Work to complete> Drop every picture, then transcribe the remaining data exactly.
----- Input for this task
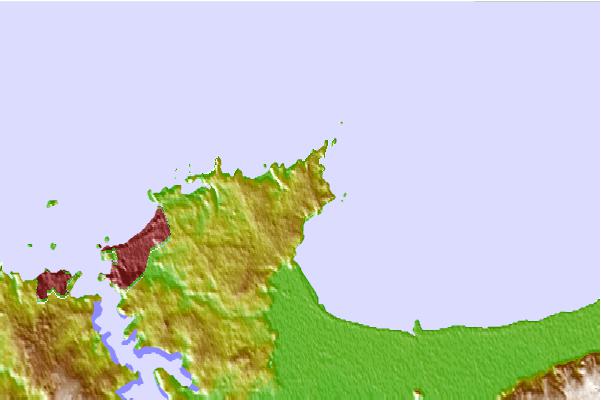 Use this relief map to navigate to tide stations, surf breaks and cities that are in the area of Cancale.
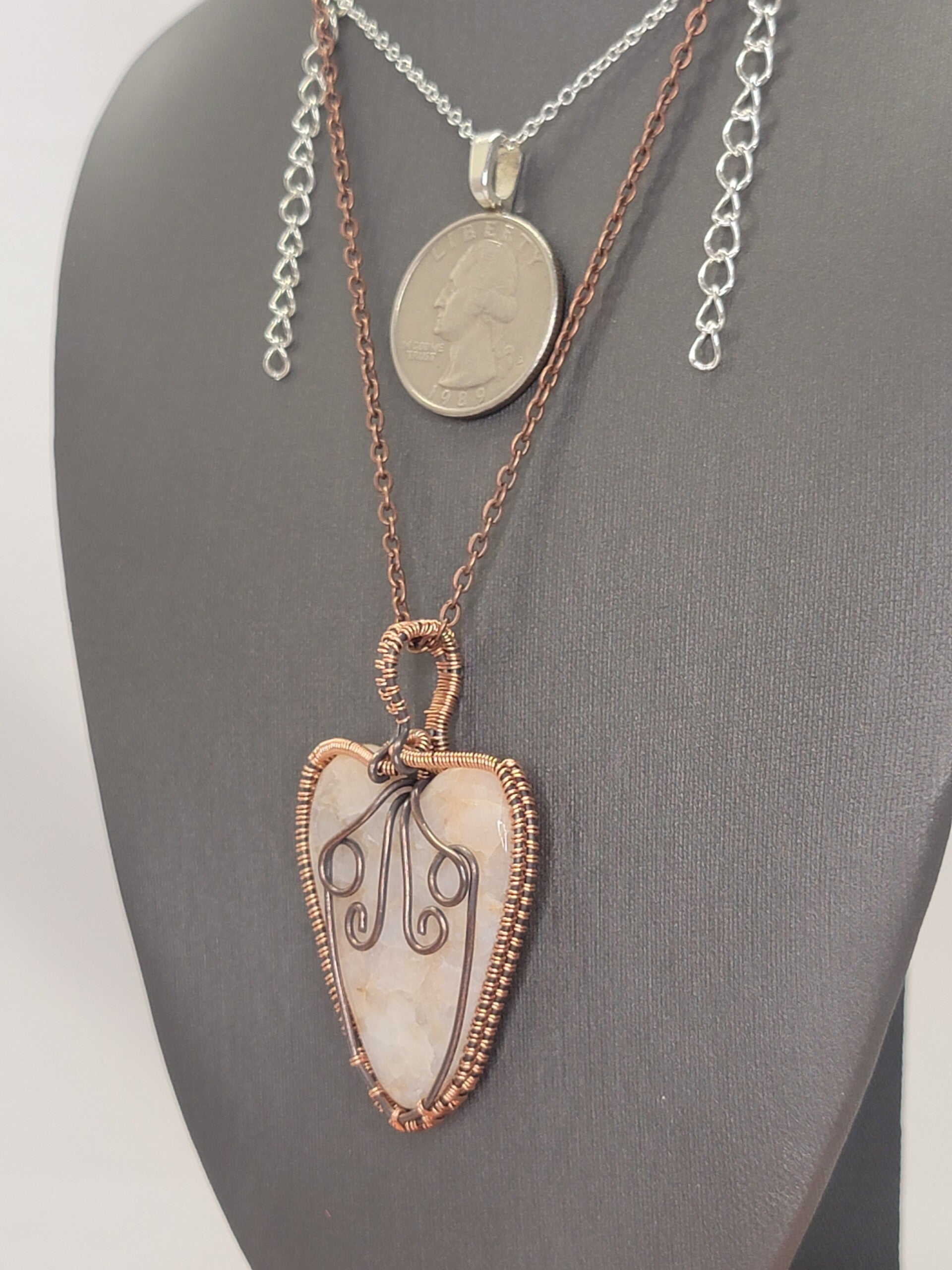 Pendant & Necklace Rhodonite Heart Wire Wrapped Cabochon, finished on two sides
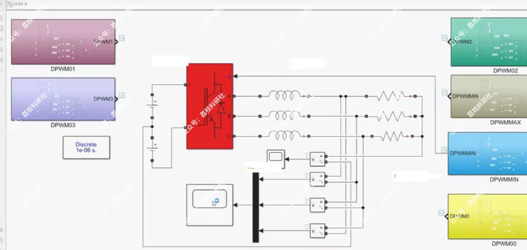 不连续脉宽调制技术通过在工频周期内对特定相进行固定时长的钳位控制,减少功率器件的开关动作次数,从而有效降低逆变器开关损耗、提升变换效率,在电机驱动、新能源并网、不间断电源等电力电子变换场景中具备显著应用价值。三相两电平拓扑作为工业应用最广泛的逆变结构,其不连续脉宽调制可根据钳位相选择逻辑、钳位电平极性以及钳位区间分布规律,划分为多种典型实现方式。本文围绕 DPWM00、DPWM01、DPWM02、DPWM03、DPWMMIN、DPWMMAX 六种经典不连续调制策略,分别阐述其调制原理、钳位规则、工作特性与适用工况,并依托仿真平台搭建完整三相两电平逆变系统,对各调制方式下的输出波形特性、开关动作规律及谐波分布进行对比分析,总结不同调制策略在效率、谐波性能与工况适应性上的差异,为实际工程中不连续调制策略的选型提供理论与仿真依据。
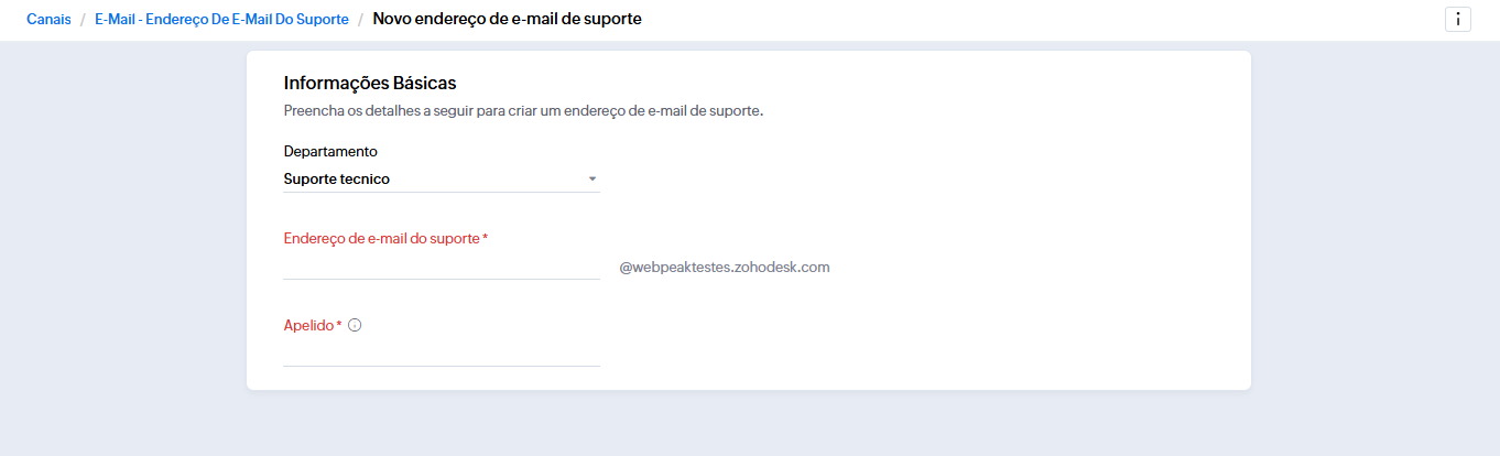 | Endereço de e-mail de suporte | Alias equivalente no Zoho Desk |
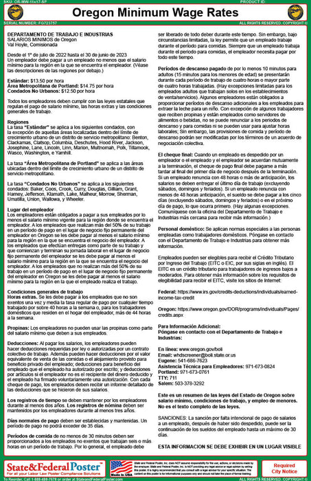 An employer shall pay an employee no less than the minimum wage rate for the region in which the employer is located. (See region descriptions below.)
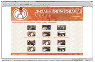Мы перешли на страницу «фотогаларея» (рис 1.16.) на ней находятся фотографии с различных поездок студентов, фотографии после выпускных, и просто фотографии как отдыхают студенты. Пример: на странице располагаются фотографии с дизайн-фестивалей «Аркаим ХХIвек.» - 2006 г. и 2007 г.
----------
Exercise output>
 Use this relief map to navigate to tide stations, surf breaks and cities that are in the area of Cancale.
 Pendant & Necklace Rhodonite Heart Wire Wrapped Cabochon, finished on two sides
 不连续脉宽调制技术通过在工频周期内对特定相进行固定时长的钳位控制,减少功率器件的开关动作次数,从而有效降低逆变器开关损耗、提升变换效率,在电机驱动、新能源并网、不间断电源等电力电子变换场景中具备显著应用价值。三相两电平拓扑作为工业应用最广泛的逆变结构,其不连续脉宽调制可根据钳位相选择逻辑、钳位电平极性以及钳位区间分布规律,划分为多种典型实现方式。本文围绕 DPWM00、DPWM01、DPWM02、DPWM03、DPWMMIN、DPWMMAX 六种经典不连续调制策略,分别阐述其调制原理、钳位规则、工作特性与适用工况,并依托仿真平台搭建完整三相两电平逆变系统,对各调制方式下的输出波形特性、开关动作规律及谐波分布进行对比分析,总结不同调制策略在效率、谐波性能与工况适应性上的差异,为实际工程中不连续调制策略的选型提供理论与仿真依据。
 | Endereço de e-mail de suporte | Alias equivalente no Zoho Desk |
 An employer shall pay an employee no less than the minimum wage rate for the region in which the employer is located. (See region descriptions below.)
Мы перешли на страницу «фотогаларея» (рис 1.16.) на ней находятся фотографии с различных поездок студентов, фотографии после выпускных, и просто фотографии как отдыхают студенты. Пример: на странице располагаются фотографии с дизайн-фестивалей «Аркаим ХХIвек.» - 2006 г. и 2007 г.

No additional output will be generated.